What this task involves:
Would you transcribe the records below from the line with "This colossal LEGO" to the line with "封装基板与PCB制造原理相近", ends included, exactly and with nothing more, leaving the pictures out?

Input:
Start of Block

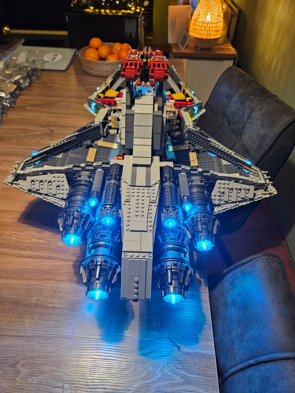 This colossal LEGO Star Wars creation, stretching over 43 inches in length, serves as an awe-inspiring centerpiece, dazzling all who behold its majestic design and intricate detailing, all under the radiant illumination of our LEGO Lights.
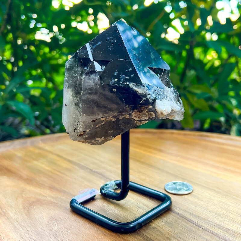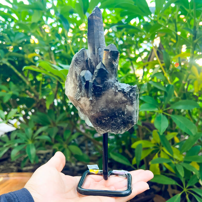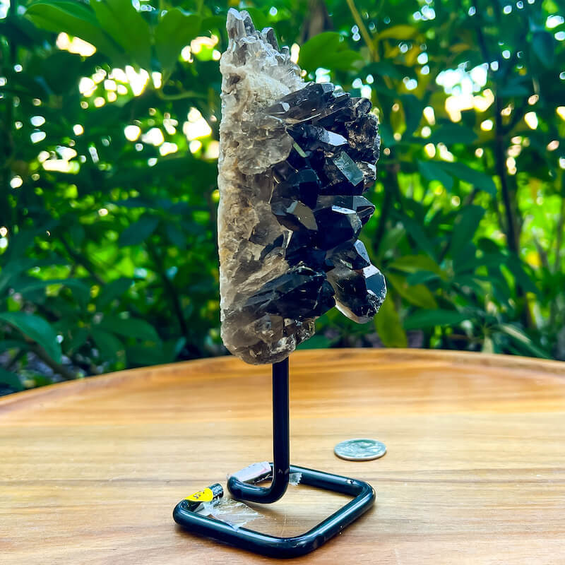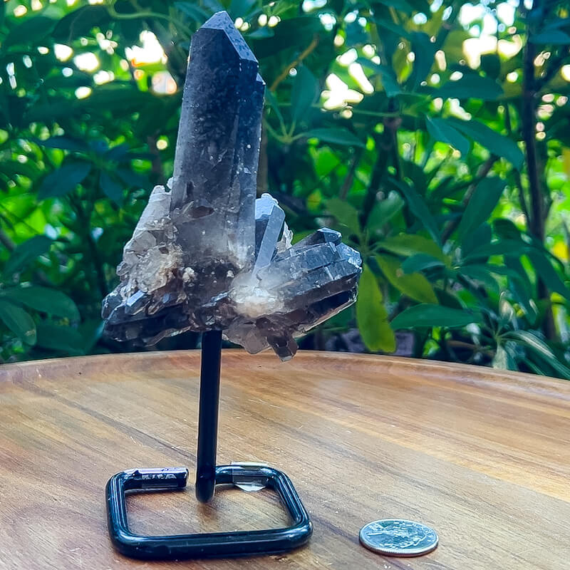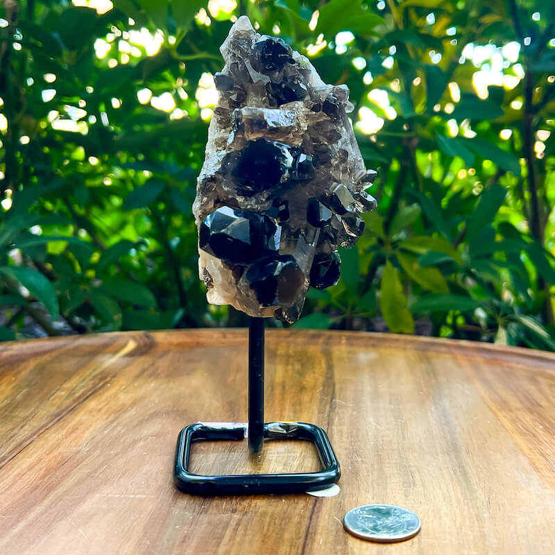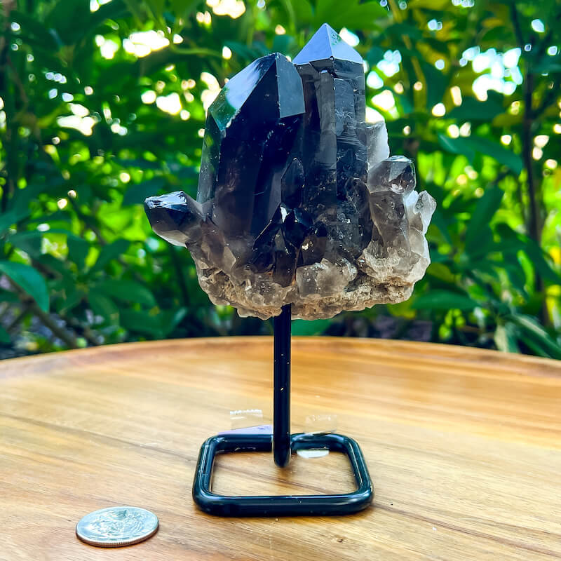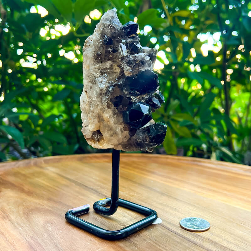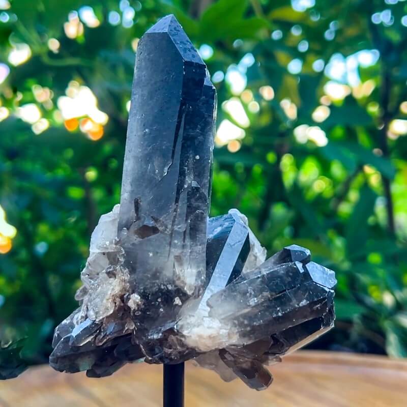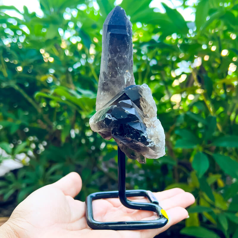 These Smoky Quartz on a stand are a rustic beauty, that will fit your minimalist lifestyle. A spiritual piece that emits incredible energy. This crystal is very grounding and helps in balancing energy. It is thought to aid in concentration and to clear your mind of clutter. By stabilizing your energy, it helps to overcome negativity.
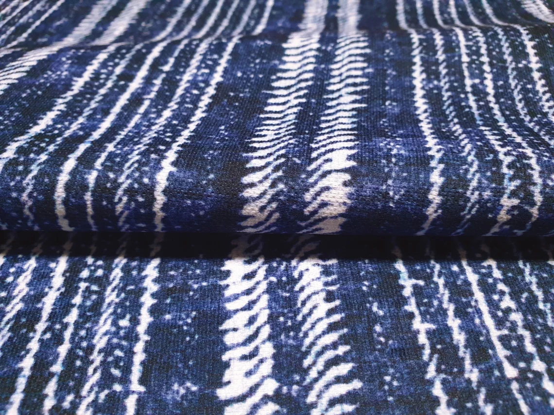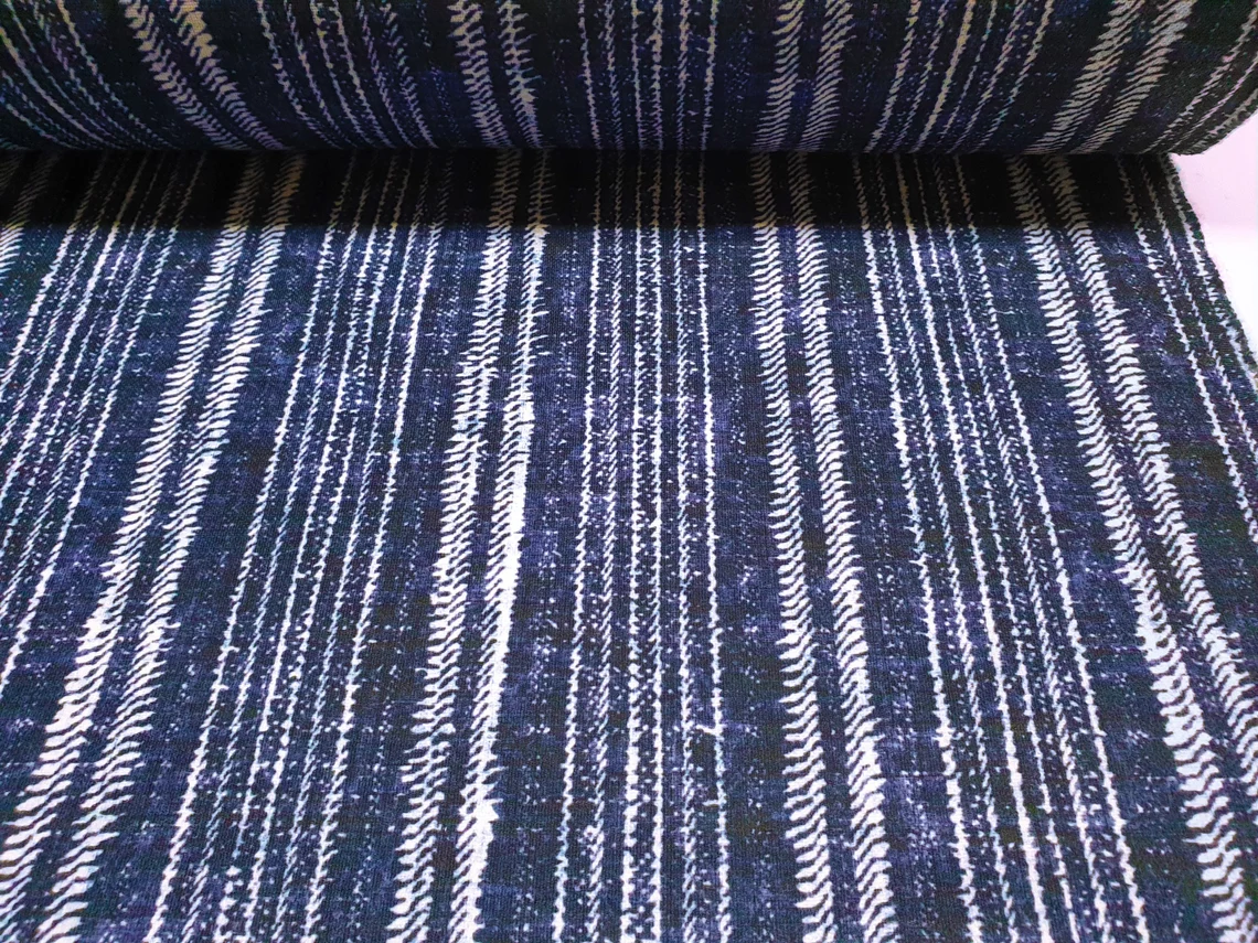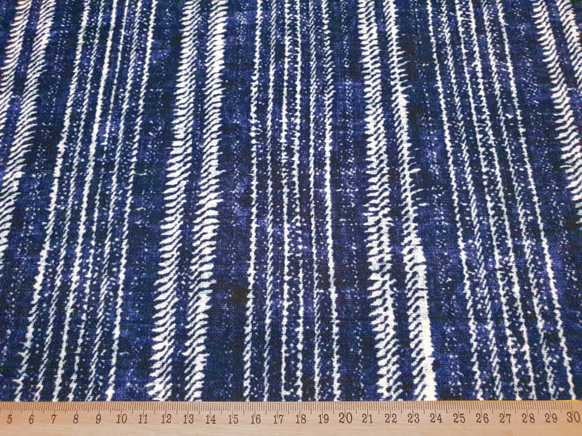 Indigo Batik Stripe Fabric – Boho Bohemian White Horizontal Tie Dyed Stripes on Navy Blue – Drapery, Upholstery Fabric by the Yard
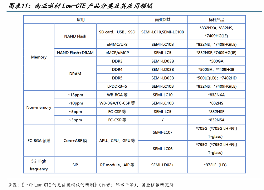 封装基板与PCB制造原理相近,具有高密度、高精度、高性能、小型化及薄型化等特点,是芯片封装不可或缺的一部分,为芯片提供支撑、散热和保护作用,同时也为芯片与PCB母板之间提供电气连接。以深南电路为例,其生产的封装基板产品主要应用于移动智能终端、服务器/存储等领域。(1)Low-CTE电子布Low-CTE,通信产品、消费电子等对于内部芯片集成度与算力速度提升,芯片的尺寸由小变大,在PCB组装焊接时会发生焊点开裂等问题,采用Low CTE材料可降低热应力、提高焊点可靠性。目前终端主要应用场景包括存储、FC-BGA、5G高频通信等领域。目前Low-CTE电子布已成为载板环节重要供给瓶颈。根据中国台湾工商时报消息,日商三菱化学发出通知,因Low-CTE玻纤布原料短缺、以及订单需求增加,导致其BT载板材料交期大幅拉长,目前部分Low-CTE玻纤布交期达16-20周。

End of Block
Start of Block

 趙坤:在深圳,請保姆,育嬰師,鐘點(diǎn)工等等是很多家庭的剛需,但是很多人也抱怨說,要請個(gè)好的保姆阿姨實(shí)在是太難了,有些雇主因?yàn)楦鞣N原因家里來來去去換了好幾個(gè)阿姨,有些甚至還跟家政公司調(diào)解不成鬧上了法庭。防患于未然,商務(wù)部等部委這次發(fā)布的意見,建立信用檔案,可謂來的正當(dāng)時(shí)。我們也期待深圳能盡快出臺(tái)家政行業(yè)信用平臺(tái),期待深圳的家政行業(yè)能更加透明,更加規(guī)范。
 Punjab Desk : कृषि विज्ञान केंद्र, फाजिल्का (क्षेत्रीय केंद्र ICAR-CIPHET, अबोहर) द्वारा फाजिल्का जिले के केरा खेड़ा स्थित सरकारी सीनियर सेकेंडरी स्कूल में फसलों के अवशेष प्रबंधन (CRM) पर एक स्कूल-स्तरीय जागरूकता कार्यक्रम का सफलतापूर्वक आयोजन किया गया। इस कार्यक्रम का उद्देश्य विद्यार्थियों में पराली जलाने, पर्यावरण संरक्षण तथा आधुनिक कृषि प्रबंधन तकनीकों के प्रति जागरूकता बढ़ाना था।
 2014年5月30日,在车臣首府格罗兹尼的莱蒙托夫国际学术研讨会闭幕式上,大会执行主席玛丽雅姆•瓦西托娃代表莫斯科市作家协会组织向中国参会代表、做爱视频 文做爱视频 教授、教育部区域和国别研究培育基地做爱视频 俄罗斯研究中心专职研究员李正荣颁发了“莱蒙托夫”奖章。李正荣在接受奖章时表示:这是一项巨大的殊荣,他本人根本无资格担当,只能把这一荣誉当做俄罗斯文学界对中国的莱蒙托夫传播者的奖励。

End of Block

Response:
 This colossal LEGO Star Wars creation, stretching over 43 inches in length, serves as an awe-inspiring centerpiece, dazzling all who behold its majestic design and intricate detailing, all under the radiant illumination of our LEGO Lights.
 These Smoky Quartz on a stand are a rustic beauty, that will fit your minimalist lifestyle. A spiritual piece that emits incredible energy. This crystal is very grounding and helps in balancing energy. It is thought to aid in concentration and to clear your mind of clutter. By stabilizing your energy, it helps to overcome negativity.
 Indigo Batik Stripe Fabric – Boho Bohemian White Horizontal Tie Dyed Stripes on Navy Blue – Drapery, Upholstery Fabric by the Yard
 封装基板与PCB制造原理相近,具有高密度、高精度、高性能、小型化及薄型化等特点,是芯片封装不可或缺的一部分,为芯片提供支撑、散热和保护作用,同时也为芯片与PCB母板之间提供电气连接。以深南电路为例,其生产的封装基板产品主要应用于移动智能终端、服务器/存储等领域。(1)Low-CTE电子布Low-CTE,通信产品、消费电子等对于内部芯片集成度与算力速度提升,芯片的尺寸由小变大,在PCB组装焊接时会发生焊点开裂等问题,采用Low CTE材料可降低热应力、提高焊点可靠性。目前终端主要应用场景包括存储、FC-BGA、5G高频通信等领域。目前Low-CTE电子布已成为载板环节重要供给瓶颈。根据中国台湾工商时报消息,日商三菱化学发出通知,因Low-CTE玻纤布原料短缺、以及订单需求增加,导致其BT载板材料交期大幅拉长,目前部分Low-CTE玻纤布交期达16-20周。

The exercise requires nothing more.